----- RECORDED INFORMATION

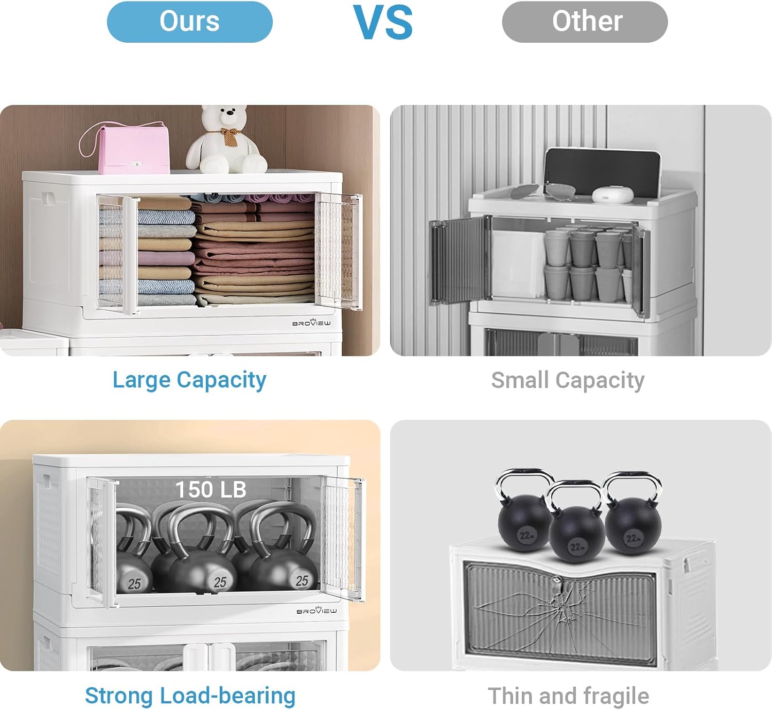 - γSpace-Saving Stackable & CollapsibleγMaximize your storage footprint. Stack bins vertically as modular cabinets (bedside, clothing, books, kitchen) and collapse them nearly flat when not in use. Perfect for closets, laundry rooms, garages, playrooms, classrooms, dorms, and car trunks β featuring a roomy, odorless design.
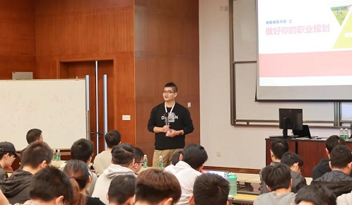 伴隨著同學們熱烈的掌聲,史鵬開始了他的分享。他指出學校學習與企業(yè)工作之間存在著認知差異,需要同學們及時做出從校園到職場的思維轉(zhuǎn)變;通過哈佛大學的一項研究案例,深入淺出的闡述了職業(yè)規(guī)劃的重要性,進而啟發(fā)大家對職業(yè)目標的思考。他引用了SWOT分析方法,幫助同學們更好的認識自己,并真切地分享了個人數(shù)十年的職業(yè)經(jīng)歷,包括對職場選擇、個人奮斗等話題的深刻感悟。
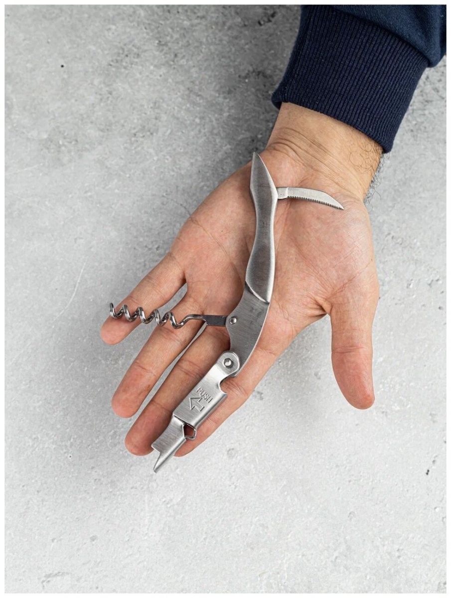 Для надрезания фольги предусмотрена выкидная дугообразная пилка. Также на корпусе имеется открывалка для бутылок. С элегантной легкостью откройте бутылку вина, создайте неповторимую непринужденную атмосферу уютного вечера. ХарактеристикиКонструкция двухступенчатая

----------

__WHAT IS BEING ASKED__. Omit the pictures, then print the rest of the listing above exactly.

__SOLUTION__.
 - γSpace-Saving Stackable & CollapsibleγMaximize your storage footprint. Stack bins vertically as modular cabinets (bedside, clothing, books, kitchen) and collapse them nearly flat when not in use. Perfect for closets, laundry rooms, garages, playrooms, classrooms, dorms, and car trunks β featuring a roomy, odorless design.
 伴隨著同學們熱烈的掌聲,史鵬開始了他的分享。他指出學校學習與企業(yè)工作之間存在著認知差異,需要同學們及時做出從校園到職場的思維轉(zhuǎn)變;通過哈佛大學的一項研究案例,深入淺出的闡述了職業(yè)規(guī)劃的重要性,進而啟發(fā)大家對職業(yè)目標的思考。他引用了SWOT分析方法,幫助同學們更好的認識自己,并真切地分享了個人數(shù)十年的職業(yè)經(jīng)歷,包括對職場選擇、個人奮斗等話題的深刻感悟。
 Для надрезания фольги предусмотрена выкидная дугообразная пилка. Также на корпусе имеется открывалка для бутылок. С элегантной легкостью откройте бутылку вина, создайте неповторимую непринужденную атмосферу уютного вечера. ХарактеристикиКонструкция двухступенчатая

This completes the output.